The only reason I can think of to run Linux native on a real System/390 as the only operating system would be if you have a very low-end System/390 as a development machine (assuming the P/390 console problem has been solved), or if you have a System/390 which has been decommissioned, and thus you no longer have OS/390 or VM for it, but want it to do something useful until it develops a hardware problem. Of course, if you're using Hercules, and thus getting an emulated System/390 for free, Linux makes a lot of sense; this is really a special case of a low-end development box.

The Kernel

The kernel is pretty much under the control of IBM Boebligen. However, it also largely works, so there really isn't very much to do.

There are two outstanding issues, solutions to both of which are rumored to be under development by IBM.

The first, and most significant, concerns the timer interrupt. The default value of HZ on the System/390, as on all other architectures except the Alpha, is 100. In normal operation, an interrupt handler executed 100 times a second is not a problem. However, consider the case where you have 5000 virtual machines all executing at once. Then you're needing to service half a million interrupts each second, and that eats heavily into the amount of processor time available to get useful work done. In fact, both for the 41,400 image test and for the 3200 virtual machines in production, the value of HZ has been set to 10. This means that interactive performance is atrocious, although since the production servers are running only INN and bind, their performance is still adequate for their workload.

The right answer to this problem is to have something like #ifdef RUNNING_VIRTUAL in the kernel, which disables timer interrupts in the idle task, and upon receiving a real interrupt, sets the jiffy count by querying its hypervisor to ask for the real time of day.
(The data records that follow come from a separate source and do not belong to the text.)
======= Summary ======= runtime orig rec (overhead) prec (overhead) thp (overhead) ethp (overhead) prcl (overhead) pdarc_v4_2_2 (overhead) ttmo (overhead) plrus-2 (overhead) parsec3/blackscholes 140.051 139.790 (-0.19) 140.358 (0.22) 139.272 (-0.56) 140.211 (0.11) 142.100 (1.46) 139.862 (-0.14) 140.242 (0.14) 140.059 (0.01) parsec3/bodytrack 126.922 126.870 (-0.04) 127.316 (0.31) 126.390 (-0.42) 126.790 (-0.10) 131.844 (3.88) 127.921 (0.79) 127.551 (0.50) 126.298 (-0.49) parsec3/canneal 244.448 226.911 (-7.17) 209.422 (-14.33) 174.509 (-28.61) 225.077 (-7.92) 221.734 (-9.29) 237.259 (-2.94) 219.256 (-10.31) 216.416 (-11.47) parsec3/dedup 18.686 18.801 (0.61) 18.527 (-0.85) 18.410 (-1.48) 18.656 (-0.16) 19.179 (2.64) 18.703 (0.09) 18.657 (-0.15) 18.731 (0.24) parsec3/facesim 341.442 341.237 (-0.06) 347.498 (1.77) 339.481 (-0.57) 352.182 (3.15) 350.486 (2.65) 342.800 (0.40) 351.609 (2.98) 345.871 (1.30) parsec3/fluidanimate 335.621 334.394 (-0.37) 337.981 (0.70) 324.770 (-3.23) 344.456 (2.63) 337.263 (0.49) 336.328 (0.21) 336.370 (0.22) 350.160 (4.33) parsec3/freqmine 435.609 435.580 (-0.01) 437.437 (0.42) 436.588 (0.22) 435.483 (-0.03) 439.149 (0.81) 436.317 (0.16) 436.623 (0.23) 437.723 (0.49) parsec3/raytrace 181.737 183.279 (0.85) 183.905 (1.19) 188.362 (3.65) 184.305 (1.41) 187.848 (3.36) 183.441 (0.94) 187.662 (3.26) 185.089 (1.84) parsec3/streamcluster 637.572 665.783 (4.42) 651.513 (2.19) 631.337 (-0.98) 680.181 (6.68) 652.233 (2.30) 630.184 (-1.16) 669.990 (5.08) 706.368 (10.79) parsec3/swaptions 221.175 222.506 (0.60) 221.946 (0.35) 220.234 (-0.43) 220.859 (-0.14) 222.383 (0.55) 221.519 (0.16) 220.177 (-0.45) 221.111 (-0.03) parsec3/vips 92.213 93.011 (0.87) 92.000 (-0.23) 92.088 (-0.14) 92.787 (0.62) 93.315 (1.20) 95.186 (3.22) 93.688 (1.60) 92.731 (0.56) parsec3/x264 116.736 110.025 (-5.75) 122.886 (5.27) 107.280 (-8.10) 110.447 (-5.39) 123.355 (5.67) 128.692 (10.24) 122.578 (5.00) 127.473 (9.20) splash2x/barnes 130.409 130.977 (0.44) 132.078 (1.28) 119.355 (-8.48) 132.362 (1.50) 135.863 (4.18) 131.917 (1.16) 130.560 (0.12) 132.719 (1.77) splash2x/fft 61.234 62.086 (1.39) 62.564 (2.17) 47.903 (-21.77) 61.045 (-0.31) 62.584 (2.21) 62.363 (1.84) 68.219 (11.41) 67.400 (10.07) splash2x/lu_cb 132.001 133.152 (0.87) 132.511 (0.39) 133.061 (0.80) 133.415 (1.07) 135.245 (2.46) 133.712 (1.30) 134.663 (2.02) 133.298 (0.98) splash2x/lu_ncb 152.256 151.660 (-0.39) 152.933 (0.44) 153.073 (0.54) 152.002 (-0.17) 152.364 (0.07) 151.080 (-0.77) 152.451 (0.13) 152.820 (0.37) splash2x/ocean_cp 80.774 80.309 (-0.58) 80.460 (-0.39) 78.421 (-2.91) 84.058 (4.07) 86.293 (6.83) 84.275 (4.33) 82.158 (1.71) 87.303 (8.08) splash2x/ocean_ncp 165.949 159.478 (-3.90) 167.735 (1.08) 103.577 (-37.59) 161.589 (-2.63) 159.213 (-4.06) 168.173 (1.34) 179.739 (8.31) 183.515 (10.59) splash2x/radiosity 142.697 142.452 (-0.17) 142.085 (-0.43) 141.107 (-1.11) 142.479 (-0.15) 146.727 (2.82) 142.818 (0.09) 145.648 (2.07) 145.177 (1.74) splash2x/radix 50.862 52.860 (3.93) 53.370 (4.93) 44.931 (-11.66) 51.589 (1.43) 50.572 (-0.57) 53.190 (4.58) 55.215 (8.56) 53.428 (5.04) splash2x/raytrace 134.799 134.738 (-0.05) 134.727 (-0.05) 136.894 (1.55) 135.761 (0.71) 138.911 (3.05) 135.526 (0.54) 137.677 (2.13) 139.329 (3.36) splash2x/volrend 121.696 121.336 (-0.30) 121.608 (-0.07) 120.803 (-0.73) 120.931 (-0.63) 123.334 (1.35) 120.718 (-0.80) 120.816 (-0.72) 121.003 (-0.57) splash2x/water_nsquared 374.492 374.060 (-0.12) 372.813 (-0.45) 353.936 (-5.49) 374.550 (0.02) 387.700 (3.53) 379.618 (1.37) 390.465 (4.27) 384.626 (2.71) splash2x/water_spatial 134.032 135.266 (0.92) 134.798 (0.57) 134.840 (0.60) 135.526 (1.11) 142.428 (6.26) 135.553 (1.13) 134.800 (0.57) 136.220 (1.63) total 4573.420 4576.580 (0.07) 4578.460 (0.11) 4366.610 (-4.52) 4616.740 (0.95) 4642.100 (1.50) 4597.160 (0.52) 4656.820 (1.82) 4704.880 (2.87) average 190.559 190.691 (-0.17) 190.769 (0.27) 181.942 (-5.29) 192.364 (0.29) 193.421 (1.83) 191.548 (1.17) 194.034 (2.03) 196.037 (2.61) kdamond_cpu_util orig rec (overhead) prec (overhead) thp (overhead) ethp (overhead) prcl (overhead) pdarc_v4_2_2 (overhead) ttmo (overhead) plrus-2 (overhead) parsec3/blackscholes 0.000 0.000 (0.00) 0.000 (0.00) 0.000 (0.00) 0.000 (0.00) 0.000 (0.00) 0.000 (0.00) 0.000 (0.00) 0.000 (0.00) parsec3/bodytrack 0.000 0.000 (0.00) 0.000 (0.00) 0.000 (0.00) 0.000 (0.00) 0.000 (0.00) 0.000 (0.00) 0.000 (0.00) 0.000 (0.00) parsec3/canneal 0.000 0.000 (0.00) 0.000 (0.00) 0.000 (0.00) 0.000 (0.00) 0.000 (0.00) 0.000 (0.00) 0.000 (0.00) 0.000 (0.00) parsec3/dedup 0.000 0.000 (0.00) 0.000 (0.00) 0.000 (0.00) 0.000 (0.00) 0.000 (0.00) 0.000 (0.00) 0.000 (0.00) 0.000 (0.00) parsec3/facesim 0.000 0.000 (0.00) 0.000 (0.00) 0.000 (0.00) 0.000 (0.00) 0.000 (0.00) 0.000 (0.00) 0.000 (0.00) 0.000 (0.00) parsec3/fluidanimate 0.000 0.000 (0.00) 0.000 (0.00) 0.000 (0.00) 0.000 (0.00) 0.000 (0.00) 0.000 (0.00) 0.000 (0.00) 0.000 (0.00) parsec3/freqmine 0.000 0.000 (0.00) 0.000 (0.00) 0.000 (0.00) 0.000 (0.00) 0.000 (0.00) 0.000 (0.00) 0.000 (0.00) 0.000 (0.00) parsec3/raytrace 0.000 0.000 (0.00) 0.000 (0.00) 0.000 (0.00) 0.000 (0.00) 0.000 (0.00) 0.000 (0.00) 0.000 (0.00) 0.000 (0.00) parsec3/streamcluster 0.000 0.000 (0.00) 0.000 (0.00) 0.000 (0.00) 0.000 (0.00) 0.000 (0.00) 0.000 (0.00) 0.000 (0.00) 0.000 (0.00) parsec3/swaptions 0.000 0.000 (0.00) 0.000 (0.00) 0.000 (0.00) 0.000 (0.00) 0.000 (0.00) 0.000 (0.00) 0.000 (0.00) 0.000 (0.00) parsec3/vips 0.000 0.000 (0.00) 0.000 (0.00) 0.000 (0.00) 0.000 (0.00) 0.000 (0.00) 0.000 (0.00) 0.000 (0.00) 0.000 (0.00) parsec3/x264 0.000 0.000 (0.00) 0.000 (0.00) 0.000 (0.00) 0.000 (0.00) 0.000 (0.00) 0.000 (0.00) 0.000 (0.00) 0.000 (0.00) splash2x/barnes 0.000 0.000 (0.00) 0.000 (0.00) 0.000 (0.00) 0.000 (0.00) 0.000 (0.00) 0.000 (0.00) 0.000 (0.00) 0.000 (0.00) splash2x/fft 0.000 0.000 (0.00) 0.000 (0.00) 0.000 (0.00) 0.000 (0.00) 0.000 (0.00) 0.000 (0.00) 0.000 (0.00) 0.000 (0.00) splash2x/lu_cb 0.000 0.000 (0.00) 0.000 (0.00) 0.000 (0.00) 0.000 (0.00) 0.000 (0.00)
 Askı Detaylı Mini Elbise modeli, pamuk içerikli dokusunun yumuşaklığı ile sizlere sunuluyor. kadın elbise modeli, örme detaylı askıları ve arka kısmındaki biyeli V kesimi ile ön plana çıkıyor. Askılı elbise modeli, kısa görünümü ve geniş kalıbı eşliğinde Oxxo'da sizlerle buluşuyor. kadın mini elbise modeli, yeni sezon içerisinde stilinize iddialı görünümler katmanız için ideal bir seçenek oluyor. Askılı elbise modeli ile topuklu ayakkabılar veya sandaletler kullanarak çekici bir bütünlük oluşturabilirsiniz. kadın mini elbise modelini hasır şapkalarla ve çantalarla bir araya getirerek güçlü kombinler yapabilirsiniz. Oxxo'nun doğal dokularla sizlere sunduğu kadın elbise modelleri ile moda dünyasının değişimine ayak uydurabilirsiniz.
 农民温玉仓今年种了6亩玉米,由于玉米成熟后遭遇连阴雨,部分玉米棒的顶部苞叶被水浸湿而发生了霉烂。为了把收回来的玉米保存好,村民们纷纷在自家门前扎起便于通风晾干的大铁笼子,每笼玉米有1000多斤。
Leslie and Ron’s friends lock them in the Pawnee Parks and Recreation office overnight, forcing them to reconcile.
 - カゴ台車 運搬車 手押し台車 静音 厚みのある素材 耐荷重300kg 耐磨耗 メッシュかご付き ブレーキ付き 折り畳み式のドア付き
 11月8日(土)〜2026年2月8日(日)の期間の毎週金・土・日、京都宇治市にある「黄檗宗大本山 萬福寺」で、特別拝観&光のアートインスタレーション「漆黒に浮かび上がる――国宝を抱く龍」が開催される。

This would not just be a VM fix: it is equally applicable to Linux under VMWare, under Plex86, and to User-Mode Linux.

The second issue involves PAGEX support. Currently, when Linux pages, the current Linux task is suspended while the right page is brought into memory. PAGEX comes from the VM world, and would allow the Linux machine to signal to its hypervisor that the machine is page-faulting. That would not only enable us to do away with one level of paging (VM's paging is much more sophisticated than Linux's), but would enable VM to more efficiently schedule its tasks, which might include multiple Linux machines.

System/390 support was integrated into the main kernel tree as of 2.2.14. Whether it works right out of the box is another matter. 2.4 support should be along Real Soon Now. The kernel development keeps tickling hitherto undiscovered bugs in GCC and glibc, and high optimization levels and thread support are still a little buggy. The assembly syntax used owes a lot more to GCC than to the mainframe, so old-time mainframers may feel a bit out of place, but anyone who has worked with assembly code under GCC will feel right at home, once the new instruction set is digested

The only truly odd part of the System/390 architecture to the developer steeped in PC culture is the I/O subsystem.

System/390 I/O

System/390 devices are attached to channels, which are essentially device busses. Traditionally channels were parallel bus-and-tag architectures, supplied on huge cables, but this has been supplanted in the past decade by fiber optic ESCON channels. In any event, they've always been very fast compared to their contemporaries. One way to think of System/390 peripherals is as SCSI on steroids. For an I/O operation, the host processor issues a command to the device (possibly a single command, but more likely an entire channel program), and the device proceeds with its work asynchronously. Then once the device has completed the operation, it will send an interrupt to the processor stating that it's finished its task. Channel commands are documented in Principles of Operation as well. Each device has its own subchannel, and up to 65,536 devices are attachable simultaneously.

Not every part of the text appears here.